All of the data were expressed as means±SEMs based on 6 independent experiments. Differences between groups were analyzed by ANOVA, followed by the Scheffé test, and were considered to be significant when the P value was <0.05.
Hemodynamic Data and Lipid Profiles
After the 8-week treatment, the mean aortic pressure, heart rate, and body weight were compared among the experimental groups, as shown in Table 1. Although not statistically significant, mean aortic pressure was slightly lower in the aliskiren, valsartan, and aliskiren+valsartan groups than in the control group. There were no significant differences in heart rate and body weight between the test and control groups. The total cholesterol and triglyceride concentrations in the 4 groups were similar at the beginning of the experiment; however, no significant differences were observed among the groups after the 8-week treatment (Table 2).
Plasma Renin Activity
PRA was significantly lower in the aliskiren group than in the control group (Figure 1). On the other hand, PRA was significantly greater in the valsartan group than in the control group. Aliskiren+valsartan cotreatment neutralized PRA almost to the levels achieved in the controls (Figure 1).
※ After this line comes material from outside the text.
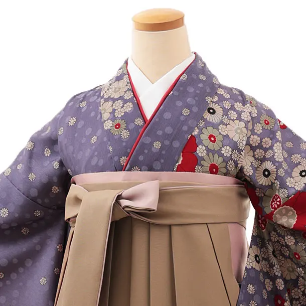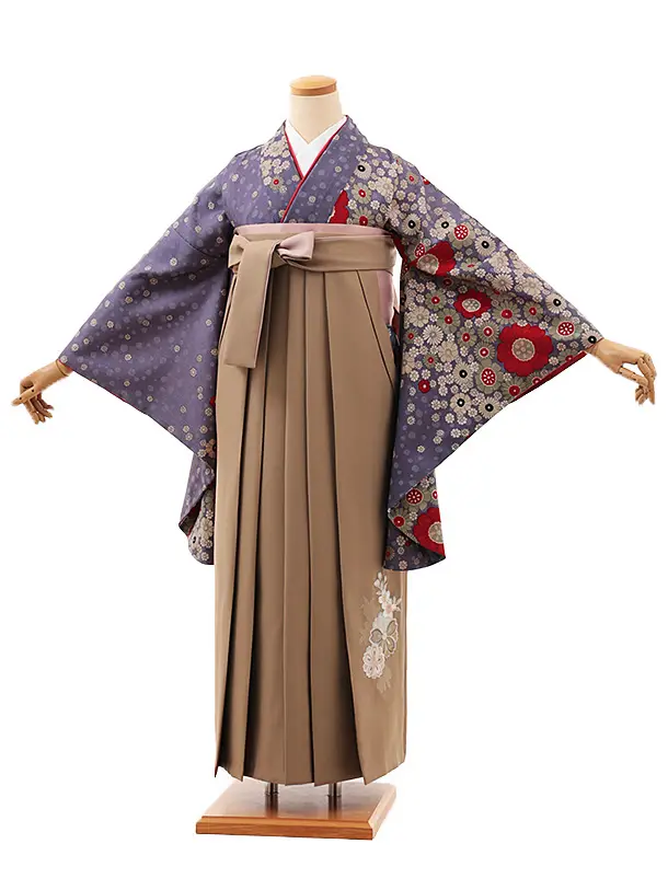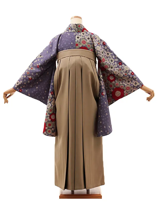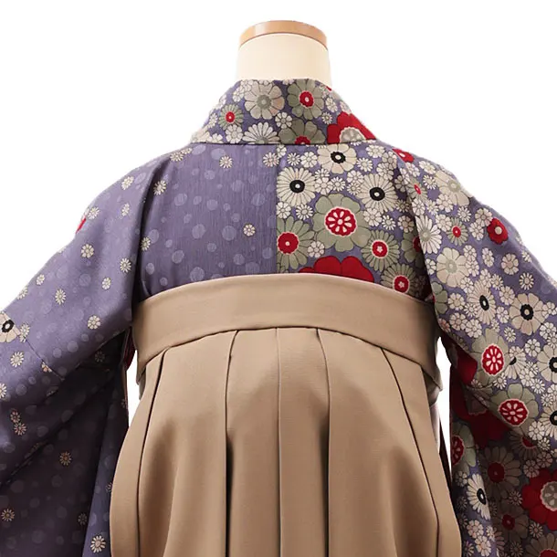 卒業式袴レンタルV540 パープル小花×モカベージュ
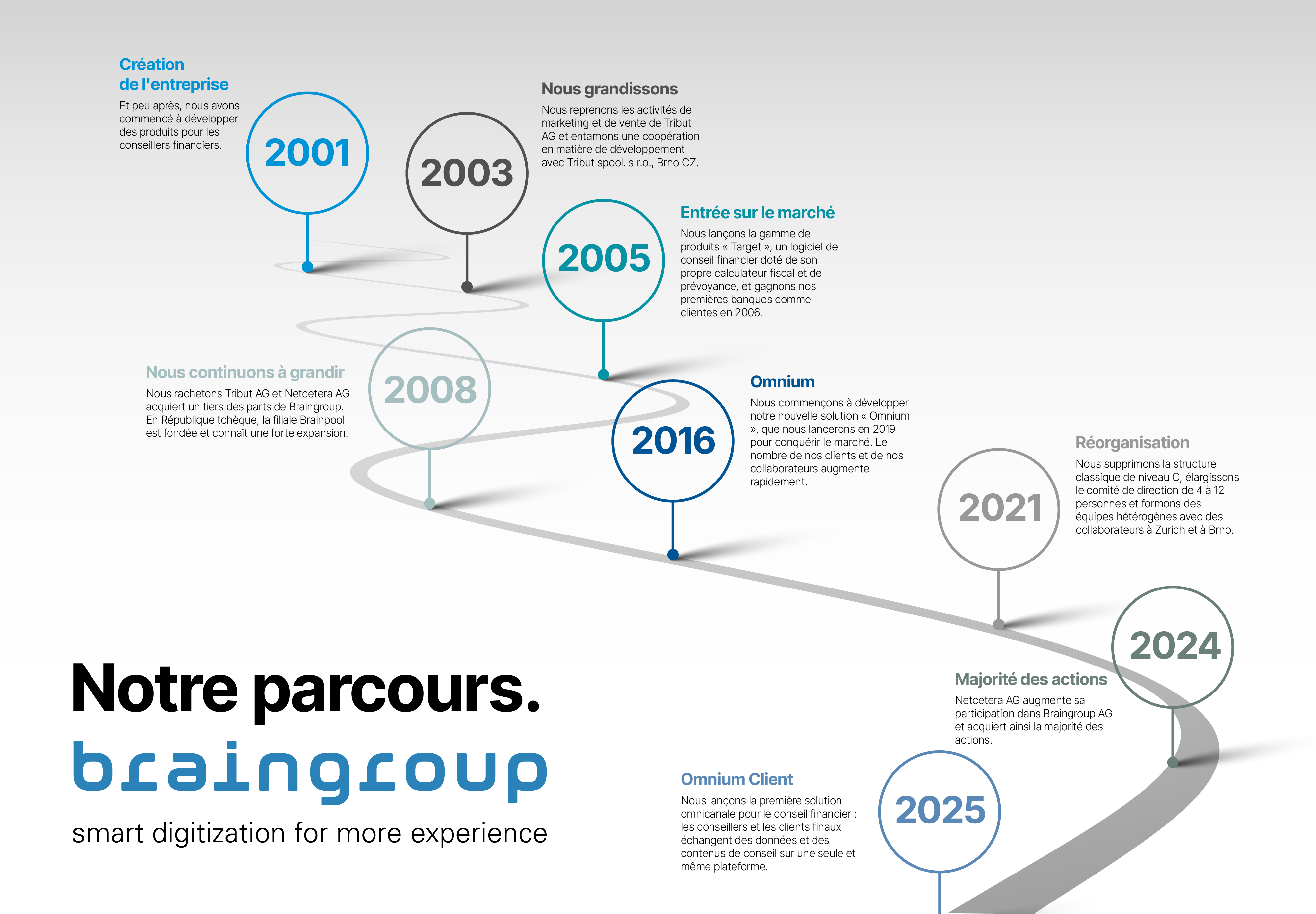 Qu'est-ce qui nous motive ? La passion de rendre le conseil financier plus simple, plus intelligent et plus efficace. Nos solutions combinent une technologie de conseil innovante et des processus de vente bien pensés, spécialement conçus pour les prestataires de services financiers. En collaboration avec notre partenaire G+D Netcetera, nous créons plus qu'un simple logiciel : tandis que Braingroup est synonyme d'outils de conseil intuitifs et tournés vers l'avenir, G+D Netcetera apporte des solutions mobiles et bancaires en ligne de pointe. Ce partenariat donne naissance à des solutions flexibles qui ne sont pas seulement convaincantes sur le plan technique, mais qui enthousiasment également vos clients.

There were no significant differences in the mean values of intercellular adhesion molecule-1, vascular cell adhesion molecule-1, and monocyte chemoattractant protein-1 levels between any of the groups at baseline (Table 2). After the 8-week treatment, the levels of these 3 inflammatory mediators with each drug treatment, but not vehicle, had a significant decrease compared with basal (P<0.01; Table 2). Furthermore, at the 8-week treatment, circulating levels of these 3 inflammatory mediators were significantly lower with each drug treatment than with the control treatment (P<0.01; Table 2). Interestingly, the levels of 3 inflammatory mediators were significantly lower with the aliskiren+valsartan group than with aliskiren or valsartan alone (Table 2).
In all of the rabbits, ACh-induced vasorelaxation was observed (Figure S1). The vasorelaxation in the vechicle (control)-treated WHHL rabbits was significantly lower than that in the drug-treated rabbits (Figure S1). Of note, vasorelaxation in the aliskiren+valsartan-treated rabbit was significantly greater than that in the either aliskiren- or valsartan-treated rabbit (Figure S1). Additional observation demonstrated that pretreatment with the NO synthase inhibitor NG-nitro-l-arginine methyl ester significantly inhibited ACh-induced vasorelaxation in the aliskiren-treated rabbit (Figure S1). On the other hand, the vasodilatory response to N-methyl-N’-nitro-N-nitrosoguanidine was similar in all of the groups, with the strongest response in the aliskiren+valsartan-treated rabbits (Figure S1).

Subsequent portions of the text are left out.